The woman who had run Iosefka through gurgled something which was probably insane, but which was, mercifully, cut short when another stroke of Ophelia’s blessed blade took the head of the table clean off.

She left her weapon embedded in the floor, then, and returned to Iosefka, bracing a knee on the chair and taking the white-haired doctor into her arms. She just held her, paying no mind to the fact that she was streaked with gore, as one tends to be after cleaving a woman in twain and subsequently taking off her head for good measure.

For a time, she wept.

At length, Ophelia rose. She pulled her sword free of the floor and gave it a firm shake to dismiss its enchantment and return it to normal size, then brought it over to Iosefka’s desk and set it down. Then, she scooped the doctor up into her arms.

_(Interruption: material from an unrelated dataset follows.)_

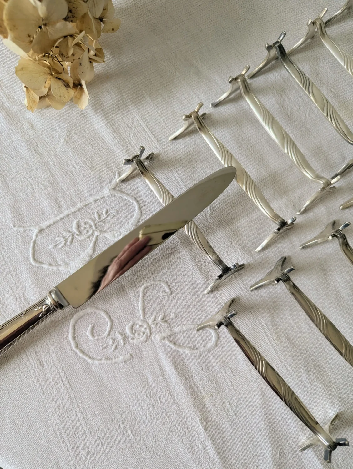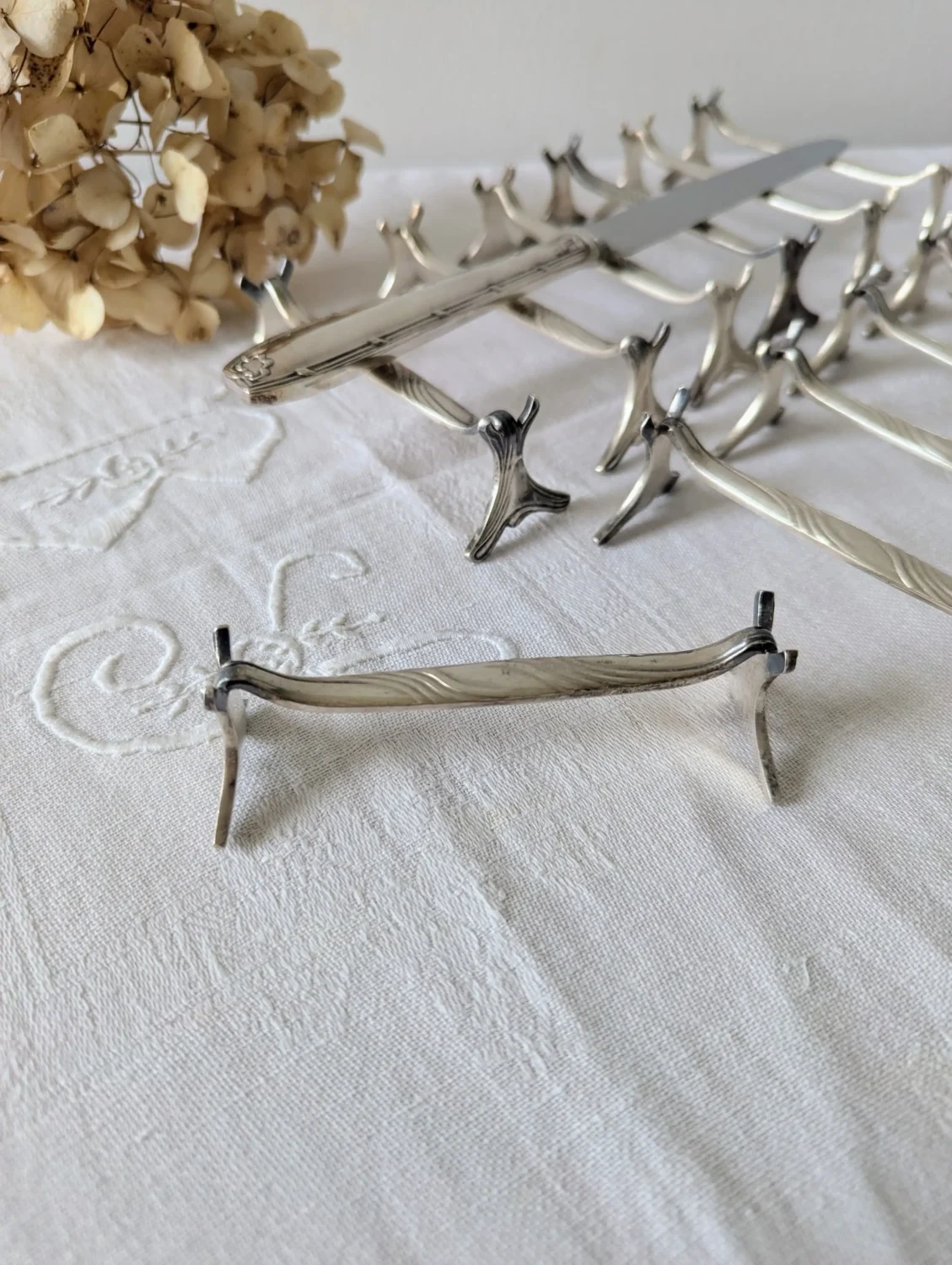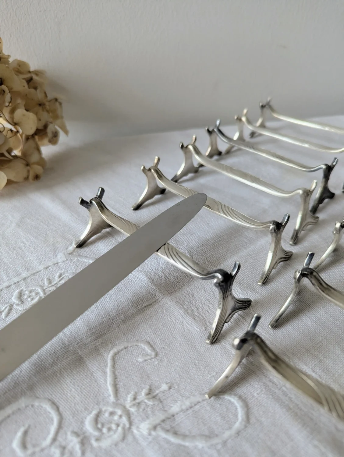 Placés sur une nappe en lin, aux côtés d’un couvert ancien, ces porte-couteaux deviennent de véritables œuvres. Ils sont à la croisée du design et du patrimoine.

She cradled the woman for a moment, pressing her cheek to Iosefka’s head; eventually, she sat the limp woman on the desk to free up her right hand so she could call the Messengers to come and retrieve her guiding moonlight.

As soon as their clammy little hands had taken hold of the commendable blade and spirited it away to the Dream, the moon-scented Hunter picked Iosefka back up and began to walk.